2024-07-18T18:01:03.562633:Reading file: /cluster/work/users/ash022/veronica/240605_200ngHelaQC_DDAlong_Slot1-54_1_7643.d
2024-07-18T18:04:02.166074:input: /cluster/work/users/ash022/veronica/240605_200ngHelaQC_DDAlong_Slot1-54_1_7643.d
2024-07-18T18:04:02.166245:outdir: /cluster/work/users/ash022/veronica
2024-07-18T18:04:02.166319:outfile:
2024-07-18T18:04:02.166385:mode: centroid
2024-07-18T18:04:02.166449:compression: zlib
2024-07-18T18:04:02.166529:ms2_only: False
2024-07-18T18:04:02.166610:exclude_mobility: False
2024-07-18T18:04:02.166668:encoding: 64
2024-07-18T18:04:02.166723:barebones_metadata: False
2024-07-18T18:04:02.166779:profile_bins: 0
2024-07-18T18:04:02.166833:maldi_output_file: combined
2024-07-18T18:04:02.166887:maldi_plate_map:
2024-07-18T18:04:02.166941:imzml_mode: processed
2024-07-18T18:04:02.166994:chunk_size: 10000000
2024-07-18T18:04:02.167049:verbose: True
2024-07-18T18:04:02.167103:version: 1.6.5
2024-07-18T18:04:02.167157:infile: /cluster/work/users/ash022/veronica/240605_200ngHelaQC_DDAlong_Slot1-54_1_7643.d
2024-07-18T18:04:02.167215:.tdf file detected...
2024-07-18T18:04:02.167283:Processing LC-TIMS-MS data...
2024-07-18T18:04:02.167346:Initializing mzML Writer...
2024-07-18T18:04:03.407497:Initializing controlled vocabularies...
2024-07-18T18:04:03.834138:Writing mzML metadata...
2024-07-18T18:04:03.843271:Writing data to .mzML file /cluster/work/users/ash022/veronica/240605_200ngHelaQC_DDAlong_Slot1-54_1_7643.mzML...
2024-07-18T18:04:03.843458:Calculating number of spectra...
2024-07-18T18:04:03.893328:Parsing and writing Frame 1...
2024-07-18T19:45:06.929689:Renaming mzML file...
2024-07-18T19:45:06.931902:Finished writing to .mzML file /cluster/work/users/ash022/veronica/240605_200ngHelaQC_DDAlong_Slot1-54_1_7643.mzML...

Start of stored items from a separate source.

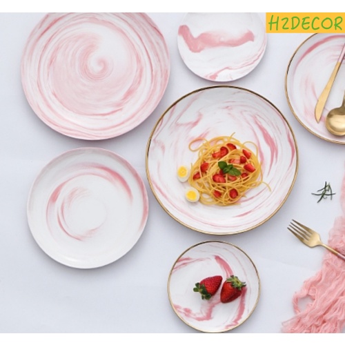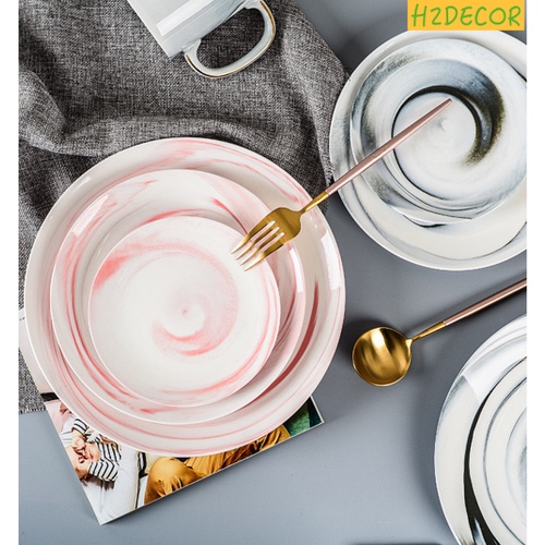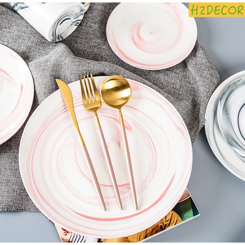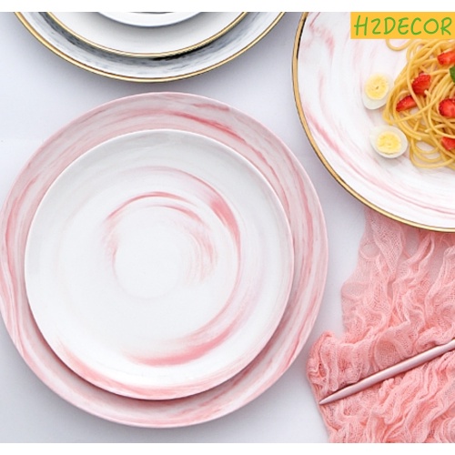 Nhà cửa & Đời sống > Bộ đồ bàn ăn > Dĩa || Đĩa tròn hoạ tiết vân mây tráng men thủ công cao cấp phong cách Bắc Âu - H2DecorCòn hàng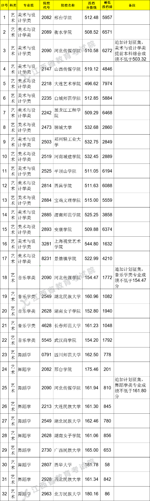 江西省2021年普通高校招生提前批本科缺额院校征集志愿投档情况统计表(艺术类平行志愿)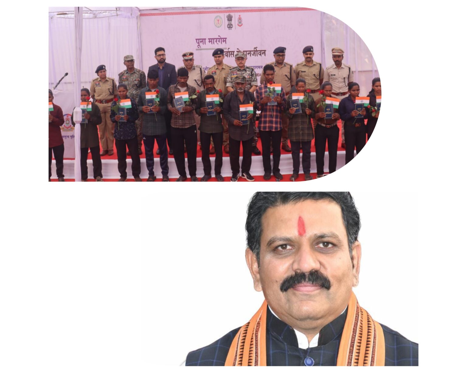 इस अवसर पर उपमुख्यमंत्री श्री शर्मा ने कहा कि छत्तीसगढ़ में नक्सलावाद केंद्रीय गृह मंत्री श्री अमित शाह द्वारा दिए गए समयावधि में यह समाप्त हो जाएगा। आज का पुनर्वास बहुत महत्वपूर्ण है, इसमें एक डिवीजन के पूरे बचे लोगों ने एक साथ पुनर्वास किया है, जो सराहनीय है। यह सब मुख्यमंत्री श्री विष्णुदेव साय के मार्गदर्शन में बनी दूरदर्शी पुनर्वास नीति से संभव हो सका है।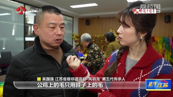 江苏省级非遗项目“凤羽龙”第五代传承人吴国强告诉记者,只选用公鸡脖子上的毛,因为脖子上的毛是最漂亮的,制作完成以后第一次看的人非常多。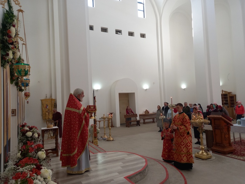 В пятницу Светлой седмицы, в день празднования иконы Божией Матери «Живоносный Источник», в храме Всемилостивого Спаса настоятель храма протоиерей Михаил Подолей совершил Божественную литургию.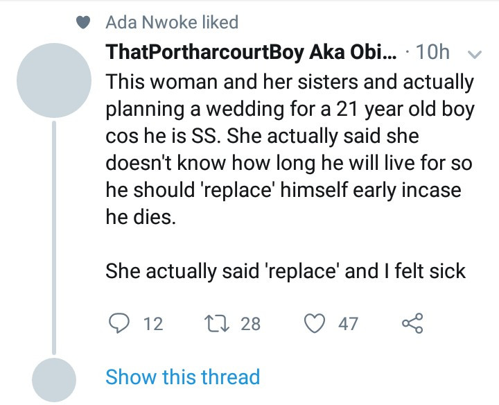 A Twitter user has alleged that a 21-year-old boy is being forced to marry because he has the SS genotype, and this has angered Twitter users. The family of the boy allegedly fear that he may not live long due to his ailment so they have found a girl with the AA genotype and are trying to get him to marry her so he can have a child to succeed him. A number of Twitter users condemned this action while some have said it's common in Nigeria and parents do this for young men who are only sons or have the SS genotype. Read tweets below.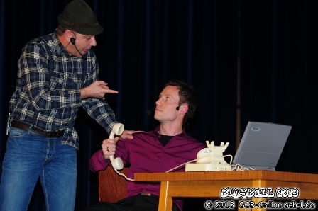 Es folgte eine kurzweilige Tanzeinlage des BKG-Männerballetts, das erstmals beim SC-Bimsball am Start war, bestehend aus Christian Centawer, Ralf Friesenhahn, Patrick Haas, Klaus Hennrich, Christian Pöbl, Markus Roth, Michael Schreiner und Christian Utfeld ehe die SCler in Person von Matthias Schößer und Horst „Schnippi“ Klein mit einem kurzes Sketch die Lachmuskeln der Anwesenden strapazierten. Im German Employment Center fühlte sich der Arbeitssuchene Herr Schnippinsky (Horst Klein) gar nicht wohl. Erst war sein alter Sachbearbeiter verschwunden, dann wollte ihm sein neuer Sachbearbeiter (Matthias Schößer) einen neumodischen Job als Infobroker, Webmaster, Eventmanager, Application Engineer oder Call Dispatcher verschaffen – was letztlich an den Anforderungen scheiterte – und zu allem Überfluss sollte er sich am Ende noch headhuntern lassen?! Nein! Er bevorzugt zunächst mal einen Englischkurs an der Volkshochschule. Doch viel lieber wäre im sein alter Sachbearbeiter. Der gibt ihm zwar auch keine Arbeit, aber spricht wenigstens seine Sprache.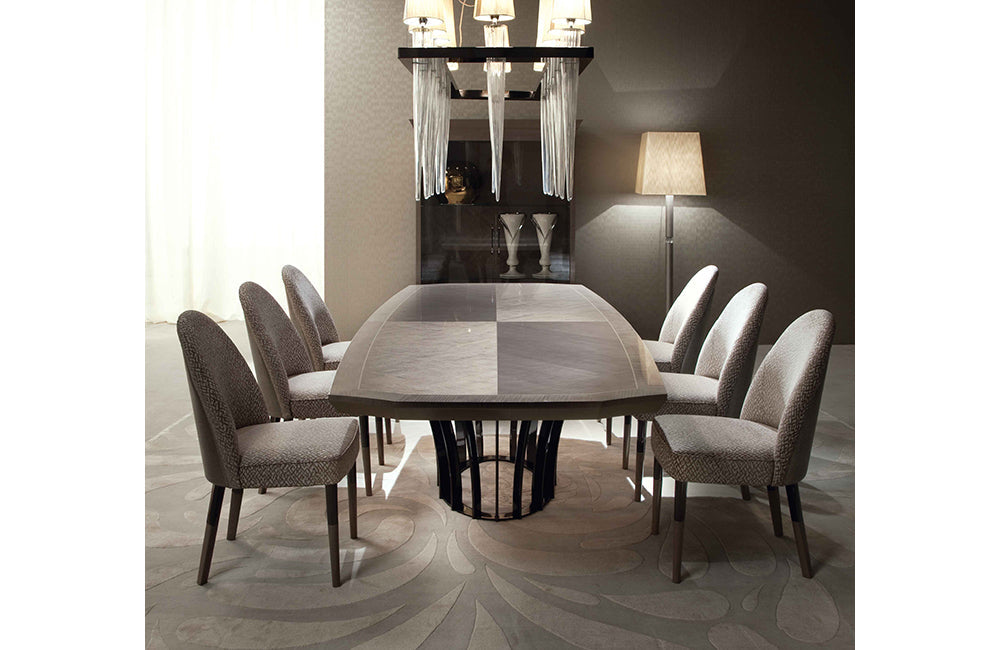 Boat shape oval table in tiger African sycomore veneer with high gloss polyester finish.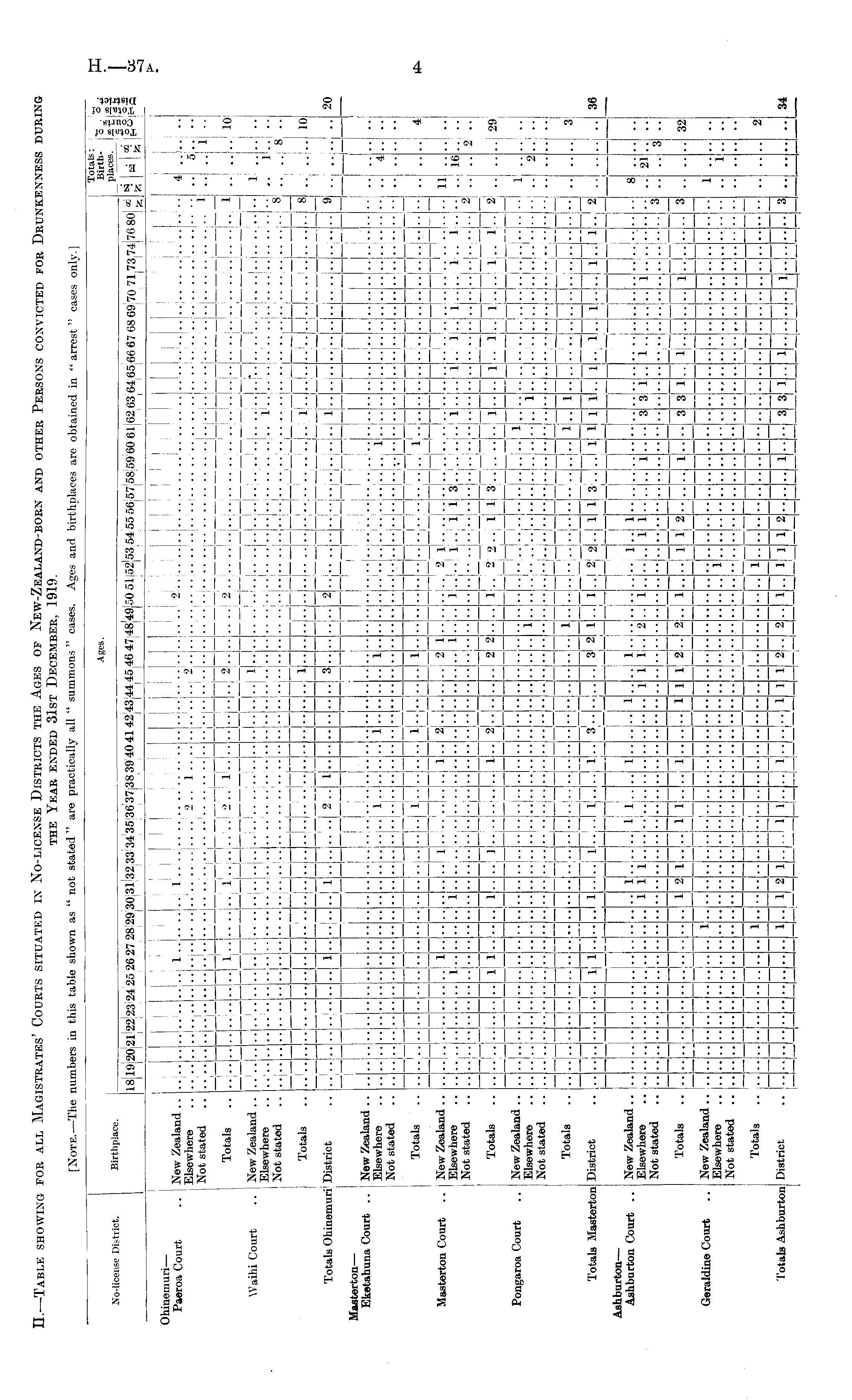 [Note. —The numbers in this table shown as " not stated " are practically all " summons " eases. Ages and birthplaces are obtained in "arrest" cases only.] No-license District. Totals: Ages. Birth- "S ■ °^ 2ll2223 24 25 26 27 28 29 30 31 32 33 34 35 36 37 38 39 40 4142 43 44 45 46 47 4849 50 51 io2J53 54 55 56 57 08 59 60 61 62 63 64 65 66 67 68 69 70 71 73 74j76 80 "- i N - s h";So Ages. IS 19 20 Ohinemuri —- Paeroa Court .. New Zealand .. Elsewhere Not stated Totals " 1 i ••- •• i. . : - 4 1 \\ I 5 i .. 2 i .... •■ • • .... 1 - ——.— i '.'. 2 • " I lj .. ., •• — •■ — I •• I.. - .. .. ■ti •■ — "i ■■ — * i •• —: — 7-T.T 1 .. j i 8 •• •• I .. io .. .. •s:: .. 10 ■■ •■ i .... i>.. •• ■■ 2 •• I 11 HHillH -.-: - I i_4 - H±b - — - -. 77 Waihi Court .. | New Zealand .. Elsewhere Not stated .... •■ •• •• 1 ... i 1 ■ 'i "' ..! ■• •■ ■• •• ■■ - — -H — __ — — — - - 7.7-7. --- Totals ■• ■• •• •• ■• ■■ ■• •• •■ ■■ Totals Ohinemuri District == - • : J. . - l 1 - — 3 — — — I I - t^ H 9| .. ■• ■■ ■■ ■• •■ •• ■• •• •• •■ ■• •• •• •■ •1 —— - - — —' ~ - — - - - _ - - _ : I - Maaterton — Eketahuna Court .. New Zealand .. Elsewhere Not stated •• kk .. i 1 i •■ .. •• 1 .. 1 1 3 1 .. . . i 2 .. 1 1 3 1 .. .. ■ 1 .. -' 2 .. 1 1 3.. .. 1 1 1 1 ■■ " '' i .. ii 2 i 4 •• •■ ■■ •• •■ •■ " ■• •1 •1 •• •• ■• •■ •• ■• ■■ •■ .... ■• •• ■■ ' " .. •■ •• ■■ Totals - - — — — — — - — — - — 1 I i ' — - - - - - - —' —' — I N .... 1.. 1 .. 4 •• •• ■• ■■ i" •• •• '' •I 'I ■■ - - ! H — i i i I — — - i - — - — Masterton Court .. New Zealand .. Elsewhere Not stated •• i 1 l 2 i 2 1 1 .... .. li .... i 'l i i.. io ± .. U .. •• 2 .. •• ■• ■• •• •• •• •■ •• ■• •■ ■• •■ ■• •• •■ •• .. - - — - - — - - - — 2 — - I 2 i fr - Totals i l ] 1 2 I i 1 j ' .. 29 •• •■ •• ■• •■ •■ ■• ■• •■ ■■ •■ •• ■■ - — — — — — — — - I — — _ _ " — - - - - - Pongaroa Court .. New Zealand .. Elsewhere Not stated ■■ .. .. .. .. .. 'i i - 1 ! 2 •• •■ •• ■• __ •• •■ — •• — •■ - ■• - ■■ - ■• - ■• — •• — •• - H- — ■■ - .. - - •• •■ -i •• 1 •■ •• - ■• •■ ■• - •■ - ■■ fr ■• ■■ - ■■ .. Totals _ _ - - — — i— !— I * 1 3 •• •■ •■ ■• •• •■ •• •■ •■ •■ •• •• ■• •■ •• ■• ■• ■■ ■• ■• ■■ ■■ •■ ■■ •■ •• •■ ■• •■ ■■ ■• ■• •■ ■• - - — - - - -- -- - - - - — _ - -; - - — — — H - i — - — .. 1 Totals llasterton District — - - _ - i * l , 3 3 2 i 1 1 1 1 1 i l 36 •• ■• ■• ■•: ■•• •■ . ■ •• •■ •• ■• ■• •• •• '•• •• — — — — - — - — - - - —! — - - — — — - - - — - - - - - i-4 - Ashburton — Ashburton Court .. New Zealand .. Elsewhere Not stated •• ■• 1 1 1 i.. 1 1 i i i i> i ....1.1.. i 1 1 •• 1 3 '3 i i '.'. "i S 21 •I 3 3 •• •• •■ •• •• •• ■■ •■ •■ •• •• •• ■• •■ ■• •• ■• ■■ ■■ ■■ ■■ .... ' " ■ ■ •■ •■ •■ ■■ - — l - i - - - - — — -' H 1 - 2 - — 7 -, - — - - - - - rr — - Totals H i i i 1 > i 2 1 3 i :!2 ■• ■■ ■■ •• ■■ •• ,•• •• •I ■• •■ ■■ Geraldine Court .. New Zealand .. Elsewhere Not stated .. — 1 — ! _ _ — " - H - - - :- - \~ - — — — - — - - ■ •' i ■ ■ .. i ■■ •■ 1 •• .. •• "I .. •■ ■• • • •• •■ •• •■ •■ •• •• •• "I ■• • • : !•• •■ •• .. •• '■ ■■ ■• " •■ •• •■ •■ ■• Totals — - — i - —. - - - — - — - — _ — " — — - — .. 1 .. " i 2 •■ •• •■ ■• •• •■ ■• •• •■ •• ■• •• •• • • •■ •• ■■ •■ ■• •■ •• •■ ■■ •■ •• ■• •• •■ •■ •■ •■ •■ •• - — - - - 1 - _ - i i — — — - 1 — - 7 - i -A — - - - 1 - -' — —. •• i - - — - Totals Ashburton District .. l 1 2 i 1 1 2 2 1 2 1 3 3 3 •• •• ■• •■ •• ■• •• ■■ ■• ■■ 3 •■ ■■ ■■ •■ •• - _ _ _ _ _ i_' I - _ i_ - - __ __ _ - _ -

or based on input, it gets fixed?

gtluu commented 1 month ago

Hi @animesh apologies if the documentation was unclear. Since you are working with LC-MS data, the data is converted to an mzML file. The --imzml_mode parameter is meant for mass spectrometry imaging datasets from the MALDI source on the timsTOF fleX which produces imzML files instead of mzML. Therefore, for your datasets, it makes no difference what you set this parameter to. I will work on updating the documentation to explicitly mention this.

animesh commented 1 month ago

my bad, i though "i" was for ion-mobility 🤪 how is timsconvert dealing with that BTW?

gtluu commented 3 weeks ago

TIMSCONVERT handles ion mobility data by essentially adding a third binary data array for the 1/K0 values. In these mzML/imzML files, the 3 binary data arrays are derived from a long dataframe containing the m/z array, intensity array, and 1/K0 array that are pulled using the TDF-SDK.